We have gone on family vacations with 8, and found that 2 two BR units work out the best.

Sometimes, the extra privacy can be a good thing.

The pricing might be just as close to the price of a 3BR/3Bath unit.


----------



## alwysonvac (Jun 17, 2009)

*You'll find large point renters on the mouseowners forum *- http://mouseowners.com/forums/forumdisplay.php?f=48

For example see this rental threads  
http://mouseowners.com/forums/showthread.php?t=25083
http://mouseowners.com/forums/showthread.php?t=24964


*The following DVC resorts have three bedroom villas (aka Grand Villas)*. Each of the three bedroom villas have at least three bathrooms
- Saratoga Springs Resort & Spa
- Old Key West
- Boardwalk Villas
- Animal Kingdom Jambo House & Kidani Village
- Bay Lake Towers

*The newest DVC resorts have three bathrooms in the the two bedroom villas too.*
- Animal Kingdom Kidani Village
- Bay Lake Towers


*Here's a link to the DVC point charts*. Just select the DVC resort to see the nightly point requirement for your dates.
http://www.wdwinfo.com/disney-vacation-club/DVCpoints.shtml (NOTE: Make sure you look at the 2010 point chart)

The DVC two bedroom unit are small except for Old Key West. The three bedroom units will be more comfortable for a party of 8.  
Here's a link to the DVC website - http://dvc.disney.go.com/dvc/guest/resorts/resortOverview?id=ProspectsResortsOverviewPage (Take a look at the 360 room tours for each resort)

DVC members can begin booking 11 months prior. Spring Break booking has already started. Spring Break is very popular time, don't wait too long to book. There's not that many three bedrooms (aka Grand Villas). Here's a link to the number of room types available at each DVC resort - http://www.disboards.com/showpost.php?p=29234071&postcount=3

*NOTE:* It's cheaper to rent a two bedroom plus a studio vs a three bedroom

Good Luck


----------



## logan115 (Jun 17, 2009)

alwysonvac said:


> *You'll find large point renters on the mouseowners forum *- http://mouseowners.com/forums/forumdisplay.php?f=48
> 
> For example see this rental threads
> http://mouseowners.com/forums/showthread.php?t=25083
> ...




Would also point out that at Animal Kingdom Villas (in the new Kidani section) I think the 2BRs have 3 baths and can technically sleep nine but it will be awfully cozy............
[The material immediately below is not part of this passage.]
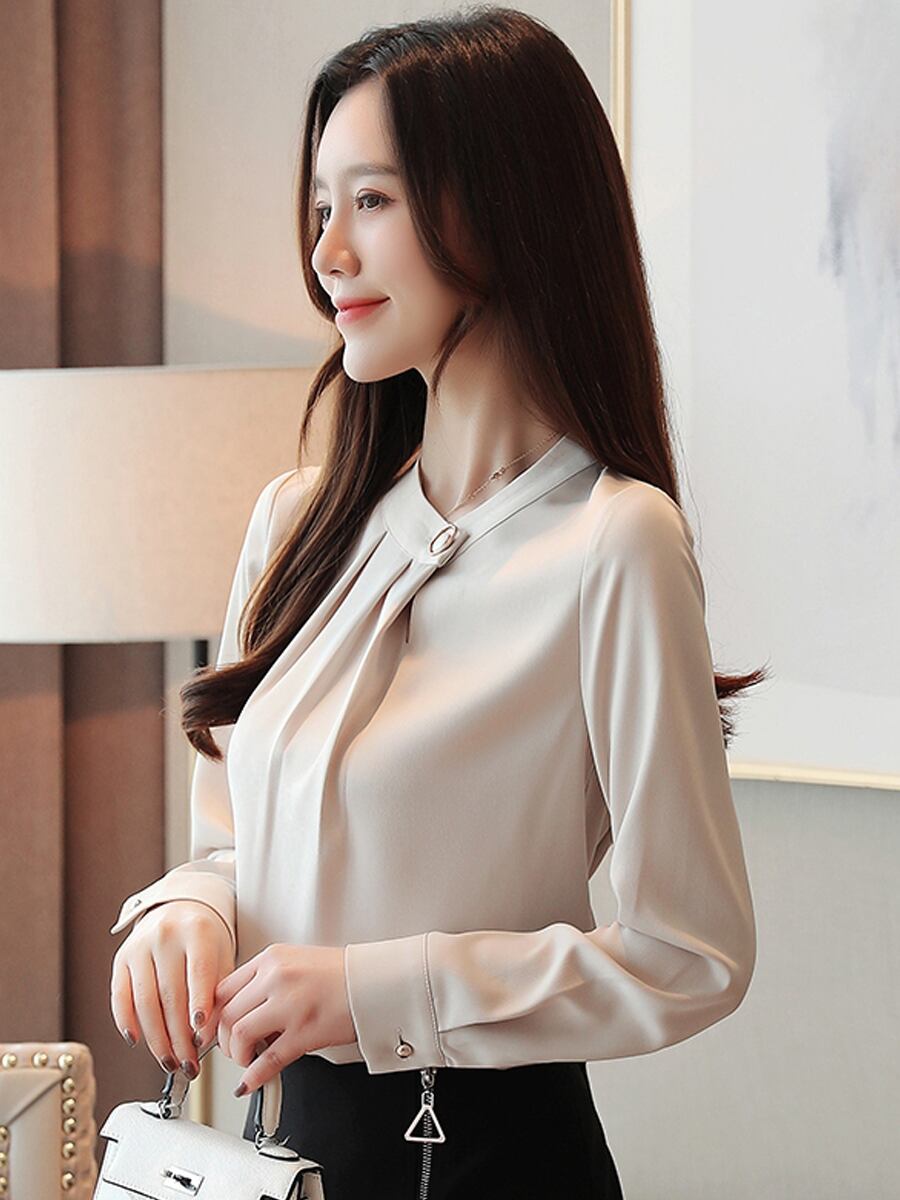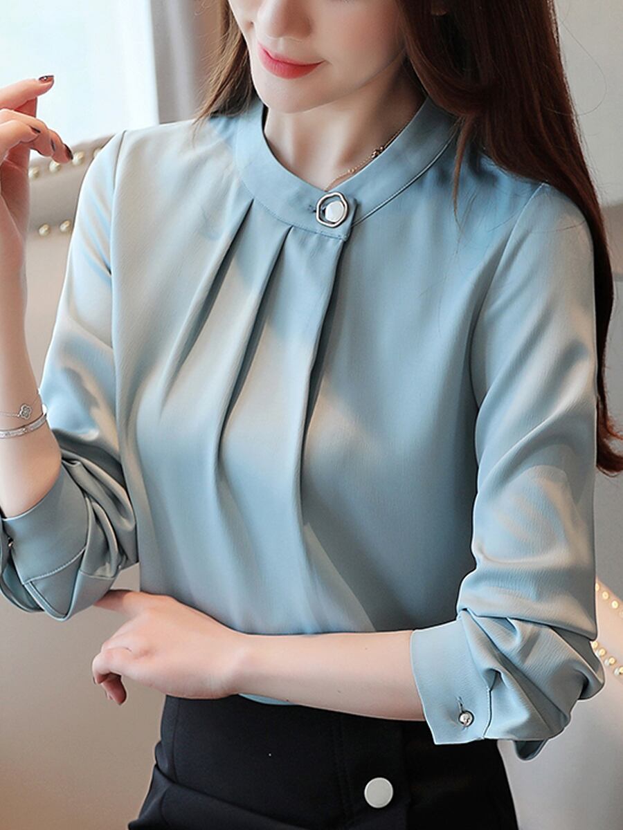サテンブラウス トップス シャツ ブラウス 袖あり 長袖 スタンドカラー ストレート プリーツ シフォン かわいい 大人可愛い きれいめ シンプル 大人 上品 おしゃれ お洒落 大人女子 こなれ感 エレガント フォーマル とろみ感 無地 春 秋 入学式 入園式 卒業式 卒園式 謝恩会 20代 30代 40代 レディース 女性用 お出かけ 休日 着回し 普段使い ファッション コーデ スタイル S M L XL 2XL 青 ブルー シャンパン オフィスコーデ フォーマルシーン オフィスカジュアル | Ritta

2 X 2BRs is roughly the same cost as a 3BR +/- a couple hundred bucks depending on your exact dates as April spans 2 different "seasons."  At the risk of stating the obvious 1 2 BR and 1 1BR (or studio) is also cheaper than the 3 BR and may work for you as well.  The great thing about the 1BR and up at the DVC is the full kitchen and in-unit washer/dryer.  As long as you had at least 1 1BR or larger it (kitchen/washer/dryer) should be sufficient for a party of 8-9.

As a PP said, with 2 X 2BR you'll have plenty of space, but keep in mind that while you can request that multiple units are close, I wouldn't expect them to be right next to each other.  Spring break is a busy time and does tend to fill up, so I'd try to start locking something in shortly.  Both of the folks listed in the links above have solid reputations and no complaints from renters that I've seen/heard of.  Won't necessarily be the cheapest, but you also don't have to worry about having an issues with them either.  

Chris


----------



## mgeez (Jun 19, 2009)

Thanks all for your usual invaluable help. Anyway I look at it, it will be pricey!


----------



## RumpleMom (Jun 24, 2009)

Take a look at the Treehouse Villas at Disney's Saratoga Springs Resort.  It has 3 bedrooms.

The price to rent for a week would make a nice down payment on a DVC contract.  :whoopie:


----------



## logan115 (Jun 24, 2009)

RumpleMom said:


> Take a look at the Treehouse Villas at Disney's Saratoga Springs Resort.  It has 3 bedrooms.
> 
> The price to rent for a week would make a nice down payment on a DVC contract.  :whoopie:



Yep - and with banking and borrowing you can "get away" with less than 140 pts (if you're trip is in the "Premiere" Season).  Figuring on $70/pt, that would be $9800.  Renting points at even $10 (a stretch for a reservation that far out - probably pay closer to $11-$14) for 418 pts = $4180. If you find a contract with all 2009 & 2010 pts you could bank the 2009s into 2010, and borrow the 2011s to have 420 pts.

So $10,800 upfront (adding $1000 if buyer pays closing costs and 2009 MFs), plus another $1200 for 2010 and 2011 MFs brings your total to $12K in total costs for the 420 pts needed.  If you than sell your 140 pts (in the next 2-3 years) for more than $8K net ($57/pt) you've come out ahead.  Also need to factor in something for the TVM for the $10,800.

One of the things that put me over the edge is that our next trip we're bringing my parents, and the following trip my wife's parents.  We need a 2BR, and the point totals for the time we will be going are roughly 310 pts/trip.

At $10/pt, that's $6200 pts we'd pay "renting" and for $12K out the door we now own enough points to cover these trips - and many more.  Kinda feel like after accounting for 2010/2011 MFs we will "own" these points for just over $7K ($12K upfront - 6.2K we'd pay renting +1.2k for 2010/11 MFs).

Something to point out though - we're already well past the 11 mo window for April 2010, and resale takes another 1 1/2 to 2 months to pass ROFR and get into the system.  By that time there's a good chance that the THVs will be booked up for Spring Break 2010.

Depending on how much time you want to put into it, your best bet may be to rent a reservation, buy a resale contract, and then rent out your points.

Sounds backwards, and definitely isn't the cleanest way, but may end up being a more cost effecient option - especially if this type of thing (big family trip to WDW) is more than just a one-off.

Chris


----------